Via Domainfax:
Australia’s version of the sub-prime crisis that ushered in the global financial crisis could be looming, with a significant number of the 1.5 million households with interest-only loans likely to struggle with higher repayments, experts warn.
Martin North, the principal at consultancy Digital Finance Analytics, said interest-only loans account for about $700 billion of the $1.7 trillion in Australian mortgage lending and it was “our version of the GFC”.
“My view is we’re in somewhat similar territory to where the US was in 2006 before the GFC,” Mr North said.
Craig Morgan, managing director of Independent Mortgage Planners, said one in five people who took a loan two or three years ago would not qualify for the same loan now, because of the crackdown on lending by the regulator and ongoing fallout from the Royal Commission into financial services.
“In the last six months lenders have had this lightbulb moment of what ‘responsible lending’ means,” Mr Morgan said.
One of the triggers for the GFC was rising defaults from over-leveraged borrowers who were unable to refinance when their honeymoon rates ended. However, the sub-prime lending in the United States before the GFC included large mortgages being given to people without jobs or on minimum wage.

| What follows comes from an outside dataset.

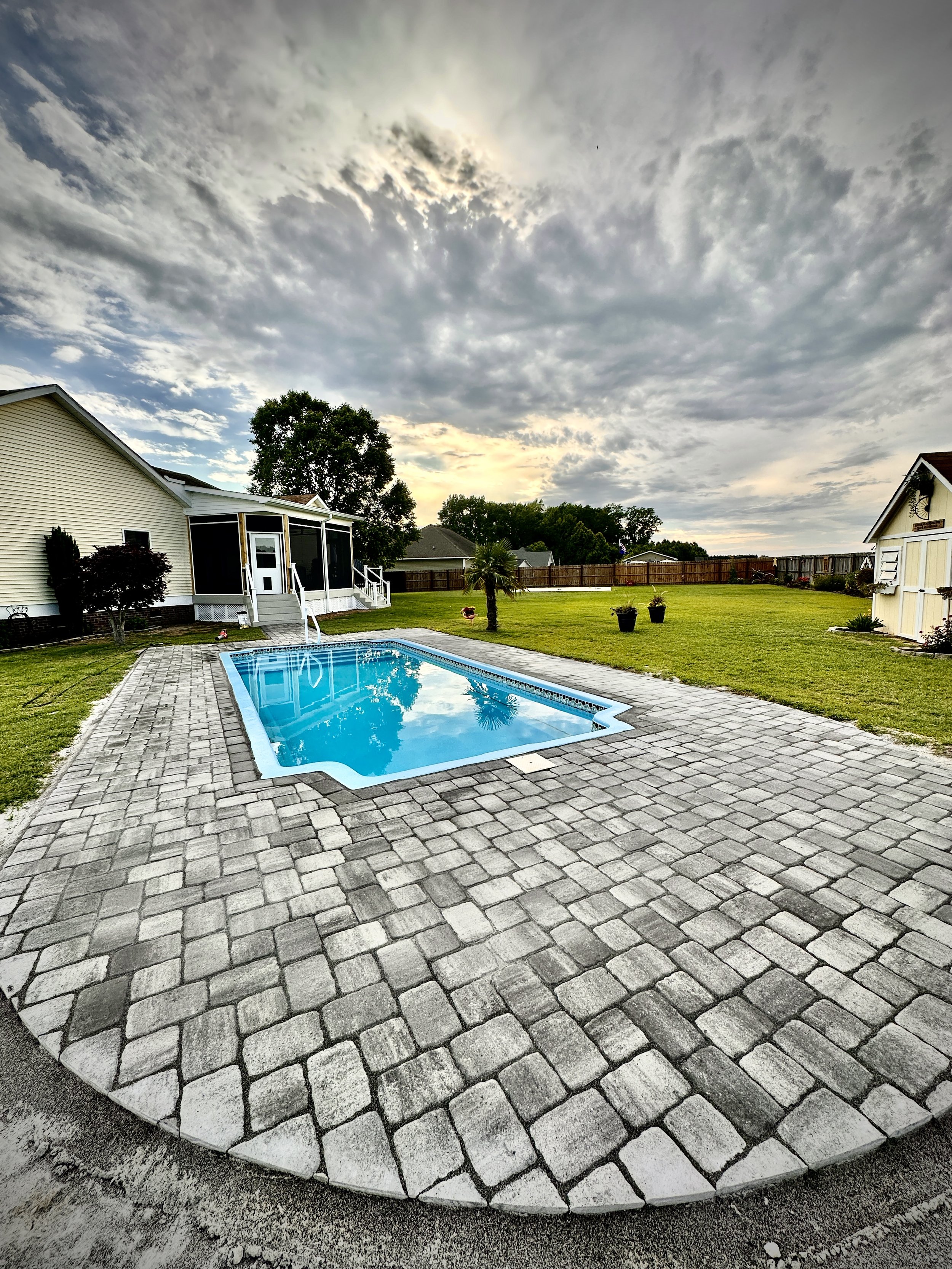 Completed in SC. It’s okay to already have something in mind, Our job is to bring it to life! These clients already had a drawing and that’s exactly what we did. A beautiful high-end paver patio really ties in to their custom built home!

“This is absolutely not ‘sub-prime’ in the US definition but there were people [in Australia] who were being encouraged to get very big loans on the fact that principal & interest was impossible to service but they could service interest-only,” Mr North said.
More panic at The Project:
The interest-only reset is as opaque as it is large. There is still confusion about how much the back book and front book of the banks can absorb the reset. Banks can only issue 30% of new loans as interest-only now. That’s roughly $40 billion per quarter, which would mean that the reset would reflect the banks’ entire front book IO capacity as folks refinance.
Therefore, some large portion will have to transpire in the back book. Our best guess how much that will be is based upon the history of what the banks have managed previously, We’ve guessed they will be able to manage some $25 billion per quarter in the back book as the great reset builds. That means we’ll see the following total resets to principle and interest:
In terms of scale, this is around 3% of the loan book at peak which is similar in scale to the US experience:
At roughly $30bn per month, the US interest rate reset bounced around 2.5% of the total mortgage market for four years. It is not a coincidence that its house prices resumed price rises, and the economy to exit chronically slow growth, in 2012 when the reset ended.
Nobody knows quite how it will play out but any way you cut it the Australian interest-only reset is big and dangerous. Even Jess Irvine has grown up:
The Bureau’s latest quarterly report clocked national home values falling 0.7 per cent in the first three months of this year, wiping $22.5 billion from Australians’ combined housing wealth.
…The headlines have been worrying indeed.
An exodus of investors following a crackdown on investor borrowing and interest only lending.Tighter lending standards for new borrowers expected after revelations of lax lending in the banking royal commission.
A drop in foreign investors thanks to new charges.
A fresh funding squeeze forcing smaller lenders to inflict out-of-cycle interest rate hikes.
And this week, minutes released from the latest Reserve Bank board meeting – at which it left interest rates at record lows for a now unprecedented period – reveal Australia’s top economic policy makers discussed (at length) a special report on the risks of Australia’s world-leading level of household debt.
Yep. Jess rightly trailing the scent of RBA panic.